Principal Components Method in Control Charts Analysis

Shewhart control charts are successfully used to control a multi-parameter technological process, provided there is no correlation between controlled parameters. In this case, the space of dispersion of allowable values of the resulting vector $$\overline{{\varvec{x}}}$$ components is a hyper-parallelepiped with pairs of opposite sides corresponding to the upper and lower allowable deviations of measured process parameters. If there is a correlation between these parameters, the real area of acceptable scattering is a hyper-ellipsoid, axes of which are inclined with respect to the axes of the hyper-parallelepiped. In this case, the use of Shewhart charts leads to methodological erroneous decisions. Another control tool in the presence of correlation is the Hotelling chart, which can be successfully used to assess the quality of a multidimensional process. However, it should be noted that the Hotelling criterion itself allows assessing the state of the process as a whole, without highlighting the cause of its disorder. The Hotelling chart does not show which indicator directly (or the combined influence of indicators) is associated with a process violation. It is possible to radically solve the problem of controlling a multidimensional process by the use of principal components method. This method is based on applying a linear transformation of the resulting vector, which makes it possible to proceed to an independent analysis for each component without distorting the original relation of correlated data.
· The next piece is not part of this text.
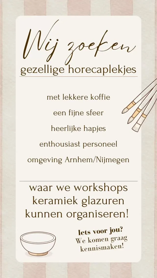 Wij kiezen er bewust voor om niet vanuit een eigen locatie te werken. Onze visie is dat iedereen moet doen waar hij of zij goed in is - en wij zijn goed in het begeleiden van workshops keramiek glazuren. Daar willen wij dan ook onze volle aandacht aan geven. Daarom werken wij met liefde samen met de leukste en lekkerste horecazaken. Zo volg je een fijne workshop van ons én geniet je van hapjes en drankjes, geserveerd door mensen die daar weer goed in zijn. Win-win, wat ons betreft!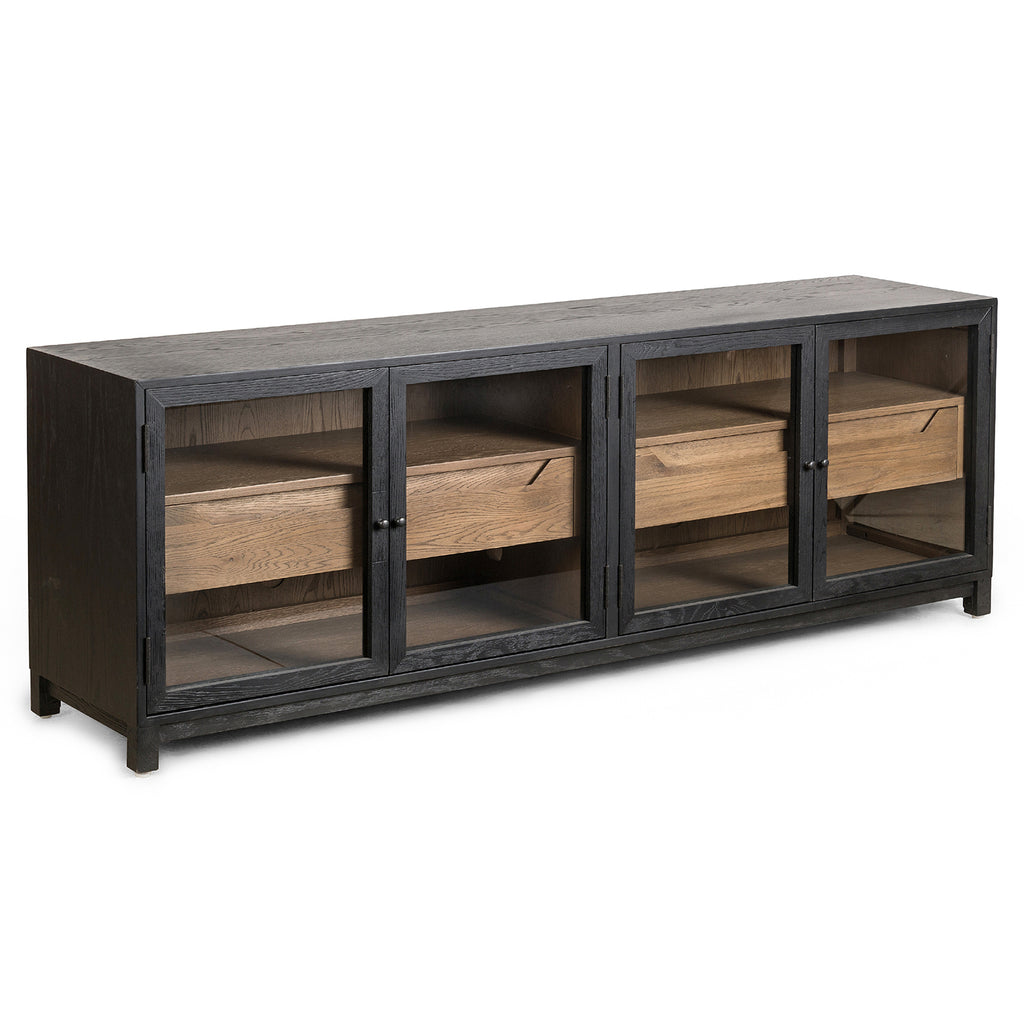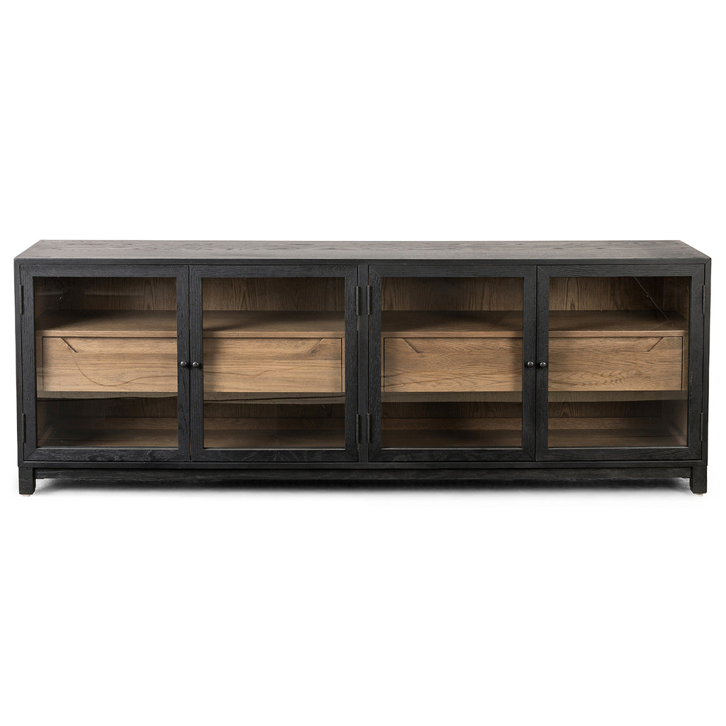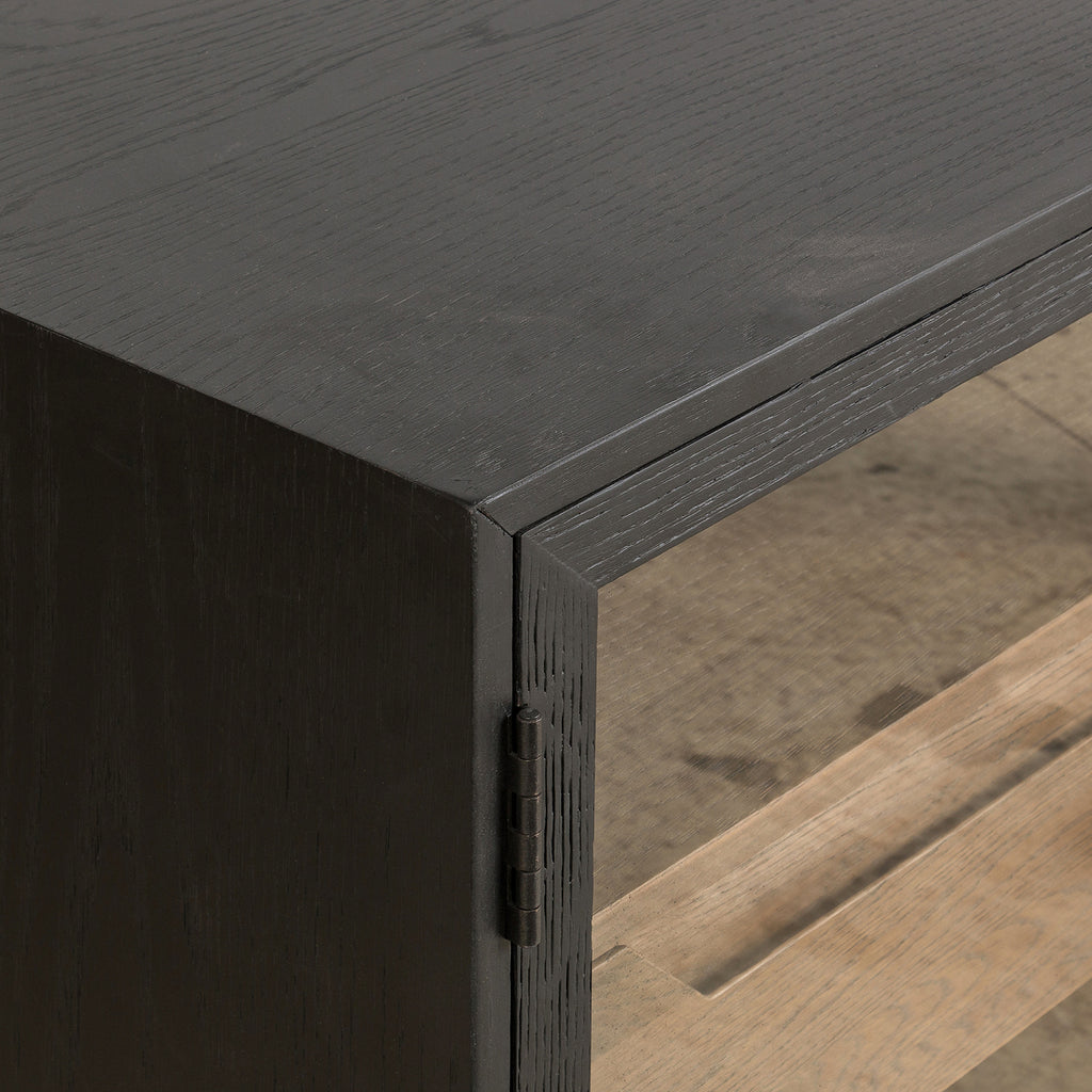 Black drifted oak encases light interior shelving for subtle but striking contrast. Glass doors allow for prized possessions to dazzle on display while spacious interior drawers add out-of-sight storage options.

In addition, the principal component method projects a multidimensional resulting vector into the space of components of a lower dimension. Most often, as practice has shown, the variation of the resulting vector can be explained by only two or three components. This allows to build control charts. The article describes in detail the method of constructing control charts based on principal components. Evaluation of the effectiveness of the application of the method is carried out on simulated data, which are close to the measurement results obtained during the control of a real technological process. The results show that the proposed method is effective for controlling a multi-parameter technological process in the presence of a correlated parameters.